1. For our church and/or nation,
that God may raise up shepherds
after Christ’s own loving heart,
and bring down from their thrones
those who seek only power and glory,
that the people may rejoice in leaders who are wise and just,
and be spared the yoke of the wicked and self-serving,
we pray to the Lord.

2. For all who govern in the church and in the world,
that Christ may send the Spirit of Truth into their hearts,
to strengthen in virtue any who falter in the right path,
to convict the conscience of any
who have failed to serve their people faithfully,
and to inspire those who are unfit for office to step down,
let us pray to the Lord.

Michael O’Connor is Associate Professor (Teaching Stream) in the Christianity and Culture program at St. Michael’s College in the University of Toronto.
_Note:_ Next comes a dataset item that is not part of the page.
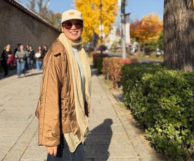 공개된 사진엔 경복궁 인근을 산책하며 가을 무드를 만끽 중인 박미선의 모습이 담겼다. 사진 속 박미선은 환한 미소로 건강한 복귀를 알렸다.

Featured image: “Antithesis Christi et Antichristi,” c. 1490-1510.


    1. Or 1789-2016?

      That said, I would dissent from the wordiness of these prayers. For the record, I don’t find Good Friday as edifying as perhaps a longer litany of those in need would be. No need to offer specifics in public prayer. For example, if a friend is dying, I will pray for N. I generally don’t ask for a miracle, for a quick death, or such. I don’t ask for the loved ones to let go or have a come-to-Jesus moment. “For N, and for those who accompany her today” seems quite enough. And if I’m making it general, “For the dying and for those who love them.” In each case, silence seems to work as an accompaniment.

  1. Sorry, but #1 could be perceived as extremely partisan and judgemental especially at times when a country or people are divided. Best to just pray for the leaders and trust that the prayer is heard. I could never assent to such a prayer.

    1. Another approach is to ask for deeper roots in, say, Wisdom, Understanding, Counsel, Fortitude, Knowledge, Courage and Prudence in understanding and aligning our response with the will of God to current events we find intolerable – to join our agency to that of God in an intentional act of will. In other words, don’t ask God to change other people so much as to allow ourselves to be changed.

      I can still remember visiting a dear friend in the East Bay area (CA) in November 2004, and we went to Mass together at his parish, which had the practice of opening up the Universal Prayer to the floor, as it were, and witnessing a parishioner invoke God’s protection upon Saddam Hussein (then in custody) but also called down the wrath of God upon George W Bush (who was about to be reelected two days later). I had strongly opposed the Iraq War, but this struck me as a great example of how the Universal Prayer ought not be used and what it was for. It’s not a time to incarnate the news cycle (or social media cycle nowadays) to register our concern on the Change.god petition board.

      1. “For our civil authorities and all in the service of our courtry, let us pray to the Lord.” From the Divine Liturgy of St. John Chrysostom. It’s all that’s needed. Simple, short, and complete.

      2. I don’t disagree. BUT, when declining to resist the temptation to Add More, my suggestion is to re-focus the object of such attentions from Them to Us – it’s one rarer situations where petitionary prayer may more fruitfully be focused on self than others.